WHAT YOU NEED TO DO :: Among the lines below, the one containing "Multi-colored crackle finish" opens the range and the one containing "Orangene Pusteln auf der Blattaußenseite. |" closes it. Print that range exactly, without the pictures.

SUPPLIED INFORMATION ::

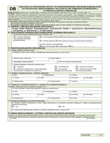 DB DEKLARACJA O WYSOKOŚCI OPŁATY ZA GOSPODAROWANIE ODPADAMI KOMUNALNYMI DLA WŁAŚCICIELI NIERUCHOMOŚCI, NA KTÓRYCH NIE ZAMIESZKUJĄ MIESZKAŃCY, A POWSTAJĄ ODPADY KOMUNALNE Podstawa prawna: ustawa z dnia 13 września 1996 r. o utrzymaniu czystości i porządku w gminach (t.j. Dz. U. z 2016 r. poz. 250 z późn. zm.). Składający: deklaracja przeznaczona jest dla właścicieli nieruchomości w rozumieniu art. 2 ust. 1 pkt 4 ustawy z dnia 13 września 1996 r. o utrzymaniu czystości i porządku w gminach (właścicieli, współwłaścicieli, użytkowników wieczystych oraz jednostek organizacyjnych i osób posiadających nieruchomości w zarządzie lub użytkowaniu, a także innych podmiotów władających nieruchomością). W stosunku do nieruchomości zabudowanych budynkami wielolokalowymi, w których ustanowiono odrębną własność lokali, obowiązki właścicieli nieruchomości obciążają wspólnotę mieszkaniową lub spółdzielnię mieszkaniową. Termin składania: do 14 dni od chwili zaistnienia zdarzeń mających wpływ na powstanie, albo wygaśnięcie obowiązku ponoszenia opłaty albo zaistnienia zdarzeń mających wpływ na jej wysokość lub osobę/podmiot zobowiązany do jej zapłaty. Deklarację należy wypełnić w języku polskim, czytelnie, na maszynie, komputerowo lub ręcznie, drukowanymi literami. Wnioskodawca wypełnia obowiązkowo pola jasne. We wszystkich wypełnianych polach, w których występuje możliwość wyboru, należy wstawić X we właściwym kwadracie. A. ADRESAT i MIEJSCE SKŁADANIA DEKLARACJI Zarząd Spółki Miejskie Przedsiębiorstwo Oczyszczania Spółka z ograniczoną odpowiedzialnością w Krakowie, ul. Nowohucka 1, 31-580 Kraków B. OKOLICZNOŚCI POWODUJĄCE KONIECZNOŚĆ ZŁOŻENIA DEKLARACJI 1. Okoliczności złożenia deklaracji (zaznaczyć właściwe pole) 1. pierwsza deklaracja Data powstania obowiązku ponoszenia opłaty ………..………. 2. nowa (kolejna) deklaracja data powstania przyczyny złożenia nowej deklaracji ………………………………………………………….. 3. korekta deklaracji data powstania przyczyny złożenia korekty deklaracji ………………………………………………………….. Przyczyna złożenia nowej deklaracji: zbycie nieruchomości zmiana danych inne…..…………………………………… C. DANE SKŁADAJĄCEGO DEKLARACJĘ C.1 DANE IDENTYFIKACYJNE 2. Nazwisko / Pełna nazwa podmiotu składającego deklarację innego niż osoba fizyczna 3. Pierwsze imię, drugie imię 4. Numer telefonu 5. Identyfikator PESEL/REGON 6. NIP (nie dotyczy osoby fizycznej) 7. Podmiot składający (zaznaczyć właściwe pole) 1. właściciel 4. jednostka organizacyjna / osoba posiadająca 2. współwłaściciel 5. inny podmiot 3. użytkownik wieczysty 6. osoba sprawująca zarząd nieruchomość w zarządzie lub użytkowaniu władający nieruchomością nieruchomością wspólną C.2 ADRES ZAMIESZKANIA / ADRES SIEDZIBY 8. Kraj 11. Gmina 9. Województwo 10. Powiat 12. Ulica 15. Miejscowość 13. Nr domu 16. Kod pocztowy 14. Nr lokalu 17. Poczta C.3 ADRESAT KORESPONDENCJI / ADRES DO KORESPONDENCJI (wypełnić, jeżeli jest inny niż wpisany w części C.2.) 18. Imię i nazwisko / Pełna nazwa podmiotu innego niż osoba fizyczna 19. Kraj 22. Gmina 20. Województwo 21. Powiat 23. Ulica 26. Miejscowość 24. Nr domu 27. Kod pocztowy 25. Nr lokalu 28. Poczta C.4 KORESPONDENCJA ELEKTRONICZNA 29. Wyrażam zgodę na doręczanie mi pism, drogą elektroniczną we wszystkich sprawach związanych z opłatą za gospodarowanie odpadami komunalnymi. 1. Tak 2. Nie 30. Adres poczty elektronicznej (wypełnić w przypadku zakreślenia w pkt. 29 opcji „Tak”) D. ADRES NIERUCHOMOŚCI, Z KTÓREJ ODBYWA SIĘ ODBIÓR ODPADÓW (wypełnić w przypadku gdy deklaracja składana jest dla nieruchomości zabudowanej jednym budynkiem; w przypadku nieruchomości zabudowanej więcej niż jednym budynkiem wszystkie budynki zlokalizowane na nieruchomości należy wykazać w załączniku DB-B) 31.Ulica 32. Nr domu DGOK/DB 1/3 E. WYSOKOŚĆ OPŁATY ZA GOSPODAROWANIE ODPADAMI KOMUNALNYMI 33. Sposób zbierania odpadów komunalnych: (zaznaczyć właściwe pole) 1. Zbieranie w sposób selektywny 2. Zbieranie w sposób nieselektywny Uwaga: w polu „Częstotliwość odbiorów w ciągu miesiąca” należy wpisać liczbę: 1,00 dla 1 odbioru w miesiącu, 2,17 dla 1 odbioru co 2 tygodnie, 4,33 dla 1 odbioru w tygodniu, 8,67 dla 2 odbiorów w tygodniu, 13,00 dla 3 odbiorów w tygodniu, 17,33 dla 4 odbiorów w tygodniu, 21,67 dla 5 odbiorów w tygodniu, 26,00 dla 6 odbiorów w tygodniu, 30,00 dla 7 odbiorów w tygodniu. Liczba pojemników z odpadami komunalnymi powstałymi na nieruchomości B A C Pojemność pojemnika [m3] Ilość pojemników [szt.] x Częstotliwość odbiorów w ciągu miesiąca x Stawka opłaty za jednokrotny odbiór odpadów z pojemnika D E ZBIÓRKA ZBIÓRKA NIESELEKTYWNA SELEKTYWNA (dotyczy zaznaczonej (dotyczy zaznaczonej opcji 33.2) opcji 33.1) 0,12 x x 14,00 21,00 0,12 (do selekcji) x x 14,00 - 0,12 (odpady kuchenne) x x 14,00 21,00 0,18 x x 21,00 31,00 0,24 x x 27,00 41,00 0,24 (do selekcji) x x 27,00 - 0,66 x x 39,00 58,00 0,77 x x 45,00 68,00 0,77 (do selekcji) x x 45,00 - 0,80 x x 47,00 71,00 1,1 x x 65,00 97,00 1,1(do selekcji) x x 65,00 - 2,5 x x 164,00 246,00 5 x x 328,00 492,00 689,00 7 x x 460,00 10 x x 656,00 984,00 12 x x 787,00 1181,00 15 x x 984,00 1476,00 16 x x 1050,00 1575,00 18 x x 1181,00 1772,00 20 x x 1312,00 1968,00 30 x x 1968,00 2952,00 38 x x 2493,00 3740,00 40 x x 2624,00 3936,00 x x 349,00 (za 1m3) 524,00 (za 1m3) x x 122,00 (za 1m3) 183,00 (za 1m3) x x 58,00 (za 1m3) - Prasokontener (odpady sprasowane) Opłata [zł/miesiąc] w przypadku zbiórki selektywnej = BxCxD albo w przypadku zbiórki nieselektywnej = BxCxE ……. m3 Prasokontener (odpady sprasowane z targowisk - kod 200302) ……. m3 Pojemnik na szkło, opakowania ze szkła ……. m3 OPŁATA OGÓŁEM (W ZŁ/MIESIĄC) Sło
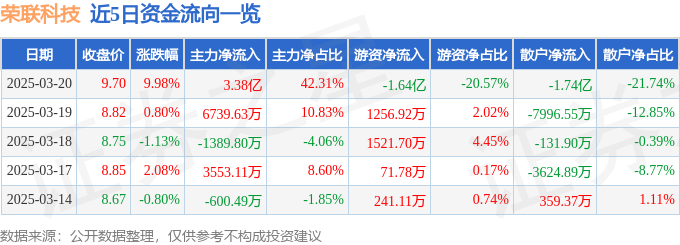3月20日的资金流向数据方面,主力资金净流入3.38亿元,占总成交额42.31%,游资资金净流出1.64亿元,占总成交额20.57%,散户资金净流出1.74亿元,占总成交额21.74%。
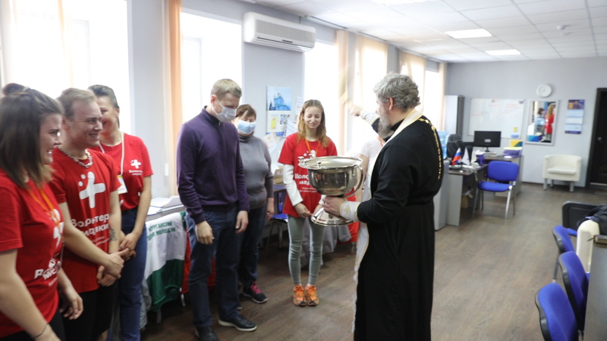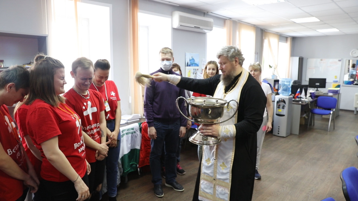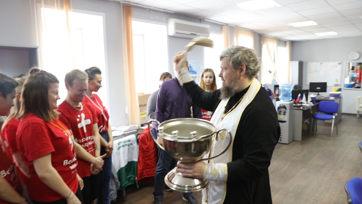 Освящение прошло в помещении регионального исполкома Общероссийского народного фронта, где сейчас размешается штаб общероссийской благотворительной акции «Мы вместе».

...

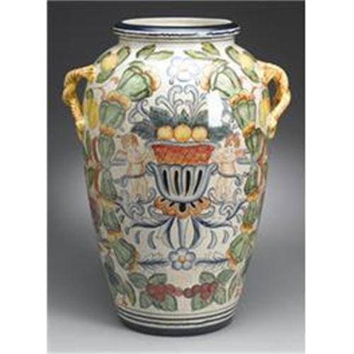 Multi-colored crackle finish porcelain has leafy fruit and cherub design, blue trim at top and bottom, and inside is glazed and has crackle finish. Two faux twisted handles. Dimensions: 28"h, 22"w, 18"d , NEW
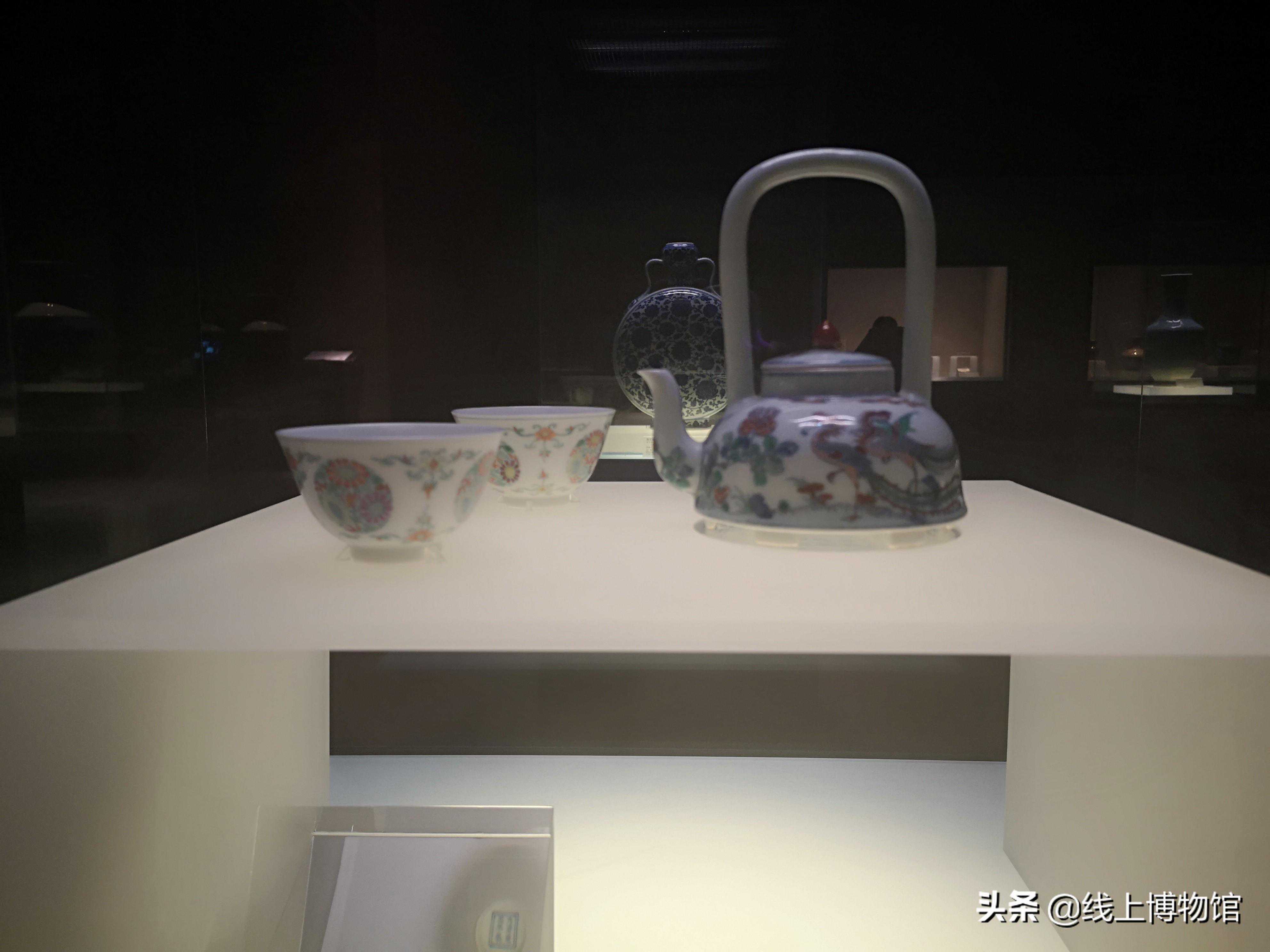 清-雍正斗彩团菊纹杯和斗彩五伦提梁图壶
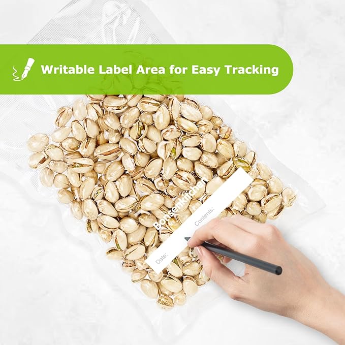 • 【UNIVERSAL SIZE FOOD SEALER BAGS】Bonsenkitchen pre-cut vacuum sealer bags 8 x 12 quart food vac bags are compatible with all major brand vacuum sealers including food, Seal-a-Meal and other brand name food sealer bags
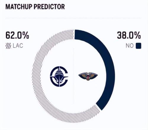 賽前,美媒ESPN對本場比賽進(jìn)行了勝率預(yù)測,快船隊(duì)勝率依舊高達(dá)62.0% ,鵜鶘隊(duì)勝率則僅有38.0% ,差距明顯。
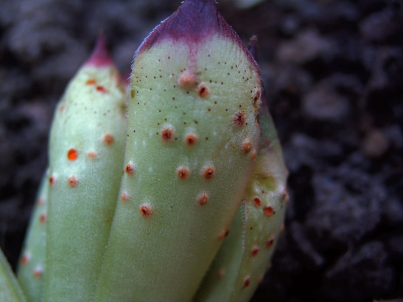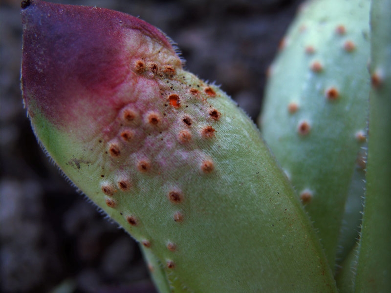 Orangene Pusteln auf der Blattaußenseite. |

WORKED SOLUTION ::
 Multi-colored crackle finish porcelain has leafy fruit and cherub design, blue trim at top and bottom, and inside is glazed and has crackle finish. Two faux twisted handles. Dimensions: 28"h, 22"w, 18"d , NEW
 清-雍正斗彩团菊纹杯和斗彩五伦提梁图壶
 • 【UNIVERSAL SIZE FOOD SEALER BAGS】Bonsenkitchen pre-cut vacuum sealer bags 8 x 12 quart food vac bags are compatible with all major brand vacuum sealers including food, Seal-a-Meal and other brand name food sealer bags
 賽前,美媒ESPN對本場比賽進(jìn)行了勝率預(yù)測,快船隊(duì)勝率依舊高達(dá)62.0% ,鵜鶘隊(duì)勝率則僅有38.0% ,差距明顯。
 Orangene Pusteln auf der Blattaußenseite. |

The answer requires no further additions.